Failure 1 — Token exhaustion: Of 16,233 total tokens, 15,356 (94.6%) are consumed by thoughtsTokenCount. Only 640 tokens remain for the actual response, and no valid answer is generated.

Failure 2 — Internal logic leak: When finishReason: MAX_TOKENS forces termination, the current buffer is flushed. The problem: the loop text parts lack the "thought": true flag. The SDK parser treats them as final user-facing responses and returns them.

flowchart TD
    A[Prompt input] --> B{Model begins reasoning}
    B -->|Normal case 95-97%| C[Derives generalized formula]
    C --> D[Generates final answer]
    D --> E[Returns thought: true parts + answer parts]

    B -->|Bug case 3-5%| F[Starts verifying specific integer values]
    F --> G["n=67108863 check... n=67108864 check..."]
    G -->|Token limit exceeded| H[MAX_TOKENS finishReason]
    H --> I["Buffer flush: loop text returned <br/>⚠️ thought: true flag missing"]
    I --> J["Client: treats useless reasoning text as final answer"]

Impact

Model: gemini-3-flash-preview (confirmed)
Reproduction rate: 3–5% with 100+ concurrent requests
Token settings: Occurs with both maxOutputTokens 16k and 32k
Execution mode: Affects both Batch mode and regular API calls

Defensive Code You Can Add Now

Client-side defenses until an official fix is available:

1. Check finishReason

response = model.generate_content(prompt)

for candidate in response.candidates:
    if candidate.finish_reason == "MAX_TOKENS":
        # Invalid response — retry or raise an error
        raise ValueError("Response was truncated due to token limit")

2. Check thoughtsTokenCount Ratio

usage = response.usage_metadata
thoughts_ratio = usage.thoughts_token_count / usage.total_token_count

if thoughts_ratio > 0.9:
    # Over 90% of tokens consumed by reasoning → likely infinite loop
    logger.warning(f"Possible reasoning loop detected: {thoughts_ratio:.1%} tokens in thoughts")
    raise ValueError("Model entered a reasoning loop")

3. Check the thought Flag

for part in response.candidates[0].content.parts:
    # Parts with thoughtSignature but no thought: true are suspicious
    if hasattr(part, 'thought_signature') and not getattr(part, 'thought', False):
        logger.error("Leaked reasoning detected in response parts")
        # Remove this part from the response or retry the whole request

4. Adjust thinking_level

Setting the thinking_level parameter (covered in the previous post) to "low" or "medium" reduces occurrence frequency — but also reduces reasoning quality:

generation_config = {
    "thinking_config": {
        "thinking_budget": 4096,  # Directly cap the token budget instead of using thinking_level
    }
}

Why Flash Preview?

Gemini 3 Flash was optimized for speed and cost efficiency, with a lighter reasoning process than Pro. Its stop-condition safety net appears weaker. The vulnerability surfaces with problem types like bitwise operations or mathematical proofs where the model feels compelled to “verify every case to be sure.”

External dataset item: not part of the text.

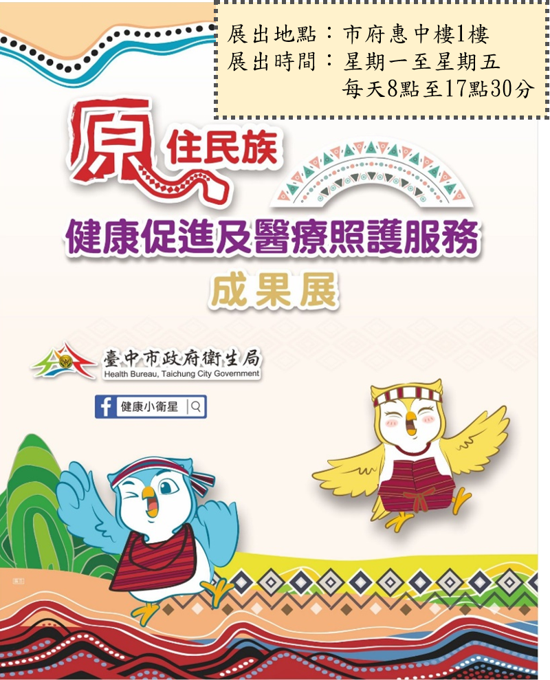 維護原鄉地區民眾健康,台中市政府持續於和平區導入醫療及公共衛生服務,今(6)起至12月17日止,週一至週五8時至17時,於台灣大道市政大樓惠中樓1樓舉辦「110年原住民族健康促進及醫療照護服務成果展」,展出部落社區健康營造計畫、就醫及長期照護資源(含社福機構)使用交通費補助計畫、全台最高海拔復健站及佈建和平區長照ABC據點等,讓民眾更了解偏鄉醫療服務。
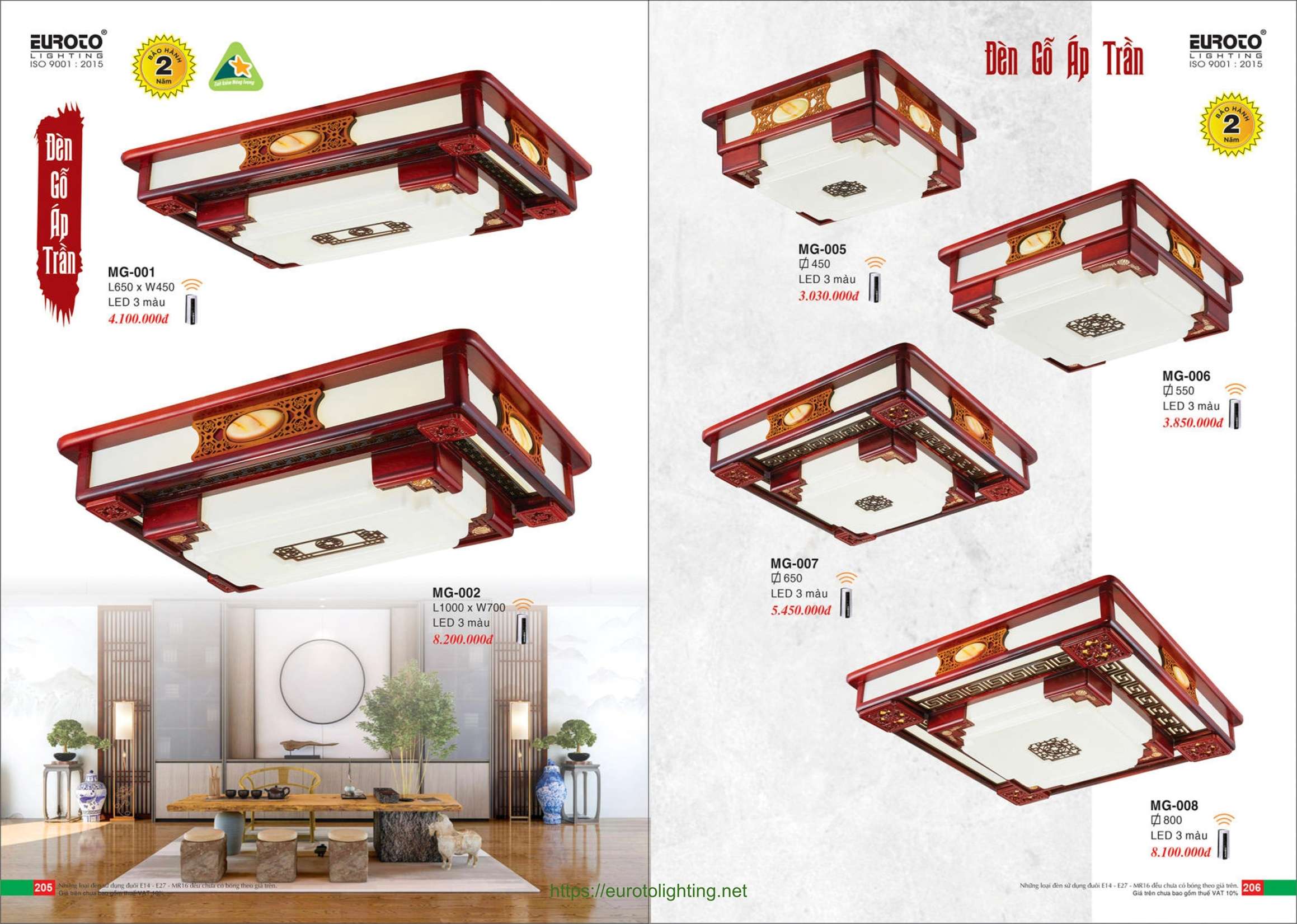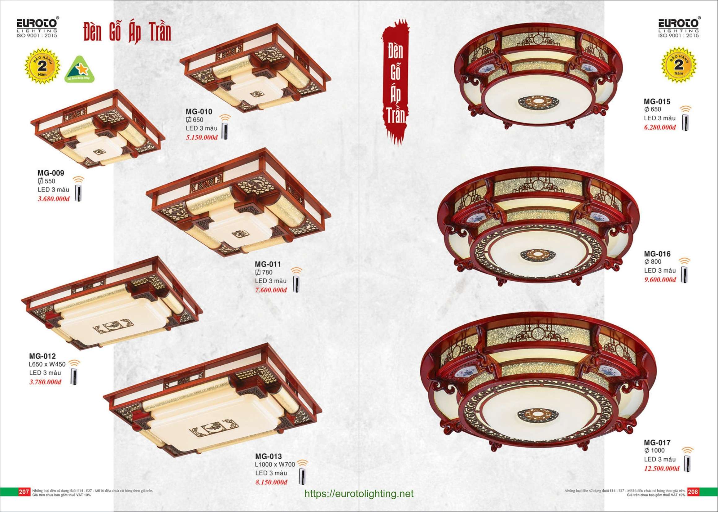 Đèn áp trần màu gỗ Euroto

Practical recommendations for production use of gemini-3-flash-preview:

Route logic/math problems to gemini-3-pro-preview when possible
When using Flash, always include finishReason + thoughtsTokenCount defensive checks
Add a response validation layer for high-volume batch processing

Quick Links

Insights

This bug illustrates that stronger reasoning capabilities introduce new categories of failure. Pre-Thinking models just gave wrong answers. Thinking models have a strong drive to “find the right answer” — and when they can’t converge, they loop infinitely. When deploying reasoning models in production, a separate response validation layer is safer than simply lowering maxOutputTokens. Treat any response with finishReason: MAX_TOKENS as suspect until proven otherwise.